# Sharpening bench chisels



## WillemJM (Aug 18, 2011)

I have been away from woodworking for about 7 years, forgot quite a few of my old tricks.

This week-end I was cleaning up some tenons, with bench, or bevel-edge chisels and I noticed that the last time I sharpened these, I finished them on a buffing wheel and there was a micro-bevel on the back from the buffer. They were sharpened at 30 degrees.

One needed re-sharpening, so out came the two diamond stones, then a 1000 water stone for the final few strokes. This time though flattened the back, no micro bevel. Definetly not as good as before, the micro-bevel did wonders.

What do you do?


----------



## firemedic (Dec 26, 2010)

In all honesty flattening the back is not what reduced the quality of the edge. The back of chisels should be dead flat and polished. The micro bevel comes into play on the beveled side. 

I use 3m wet paper on glass using a roller guide. I start on as low a grit as i need to and work up to 2000, Micro bevel at 2500, then dry strop on leather. I micro bevel all my blades and it's eye balled. If I had to guess I'd say the angle is about 3-5 degrees higher than the main bevel.


******************************************************
*Disclaimer: the above is my opinion based upon my personal experiences, what I've read, been taught and overall what works best for me. There tends to be mixed opinions on who the authority is on certain topics. A few say this guy, a few say that guy and the rest appoint themselves as the authority. Take it all with a grain of salt and experiment... Who knows!?!?!?... Maybe one day you'll be your own authority too!...

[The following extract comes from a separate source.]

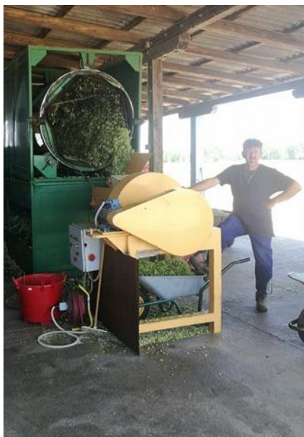
Slika 8. Frakcija C (otpad) (Foto original)

Pri tome 40–50% glavica propada kroz otvore po cijeloj dužini bubnja. Rotirajuće cijevi smještene ispod bubnja provode glavice na limeni pod, odakle ih radnici transportiraju na sušenje (frakcija B – 1. klasa; slika 7). Latice i vrlo sitne glavice propadaju između cijevi i predstavljaju otpad koji se može, ali i ne mora baciti (frakcija C; slika 7.). Kod separatora bez rotirajućih cijevi dolazi do dodatnih postupaka u kasnijoj doradi. Glavnina ubrane mase sa preko 50 % glavica izlazi iz bubnja i zatim se transportira na sušenje (frakcija A – 2. klasa; slika 8.).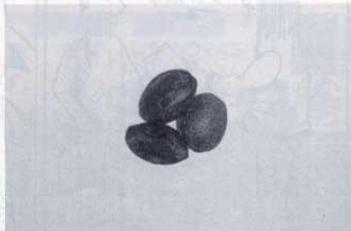
Tres ametlles de carròs.

~tom ...it's better to remain silent and be thought a fool than to open one's mouth and remove all doubt...


----------



## H. A. S. (Sep 23, 2010)

I have always put the micro bevel on chisels. Angle depends on what I'd use it for, more acute on softwoods.


----------



## rrich (Jun 24, 2009)

Actually, I think that the key is 30°. That is a bit steep for a bench chisel. I would try 28° or 27° or even 25° until you have something that you like the way it cuts. I've noticed that the really cheap chisels need 27° or 28° to maintain their sharpness while Maples or Buck Brothers are fine at 25°. Now that Marples are Irwins and being made in a metric factory I don't know what angle that they like.

BTW - For those of us that work in the Imperial measurement system, (Inches & fractions) there is nothing more irritating that picking up a chisel marked in metric and the (not really exact) Imperial equivalent only to discover that the chisel is too wide to cut the mortise, there is hope. Now that Marples > Record > Irwin has gone metric, the cheap Buck Brothers, made in USA, (Home Depot) chisels are truly Imperial sized and as good as my (UK Made) Marples. The only trick is to flatten the back and sharpen to 25°.


----------



## WillemJM (Aug 18, 2011)

What I have forgotten, came back to me.:laughing:

Depending on the application, a micro bevel on the back side of a bench chisel is usefull in some instances, for me anyways.

In tuning a mortice tenon, I want to remove, or peel 1/1000 of an inch in certain places. With a VERY SMALL micro bevel on the back, I can ride on the bevel, while peeling off my thin slice of wood. If the back is flat, it tends to dig in and it is more difficult to slice the whole distance uniformly. If I turn the chisel around, to work off the main bevel, with it's micro bevel, the angle of push at 30 or whatever degrees, makes it more difficult to control.

Final finish with a hard slotted wheel with a compound on a bench grinder gives a razor sharp finish in seconds and the back bevel takes just a slight rub to give the result.


----------



## Possumpoint (Oct 13, 2011)

I was taught that the only time a micro bevel is used on the back of a chisel is when that surface is badly pitted and you can't polish it. That same rule applies to plane irons. All of my chisels are polished to a mirror finish adjacent to the edge. In other words, I don't care if the back of a chisel is hollow so long as it isn't at the edge.


----------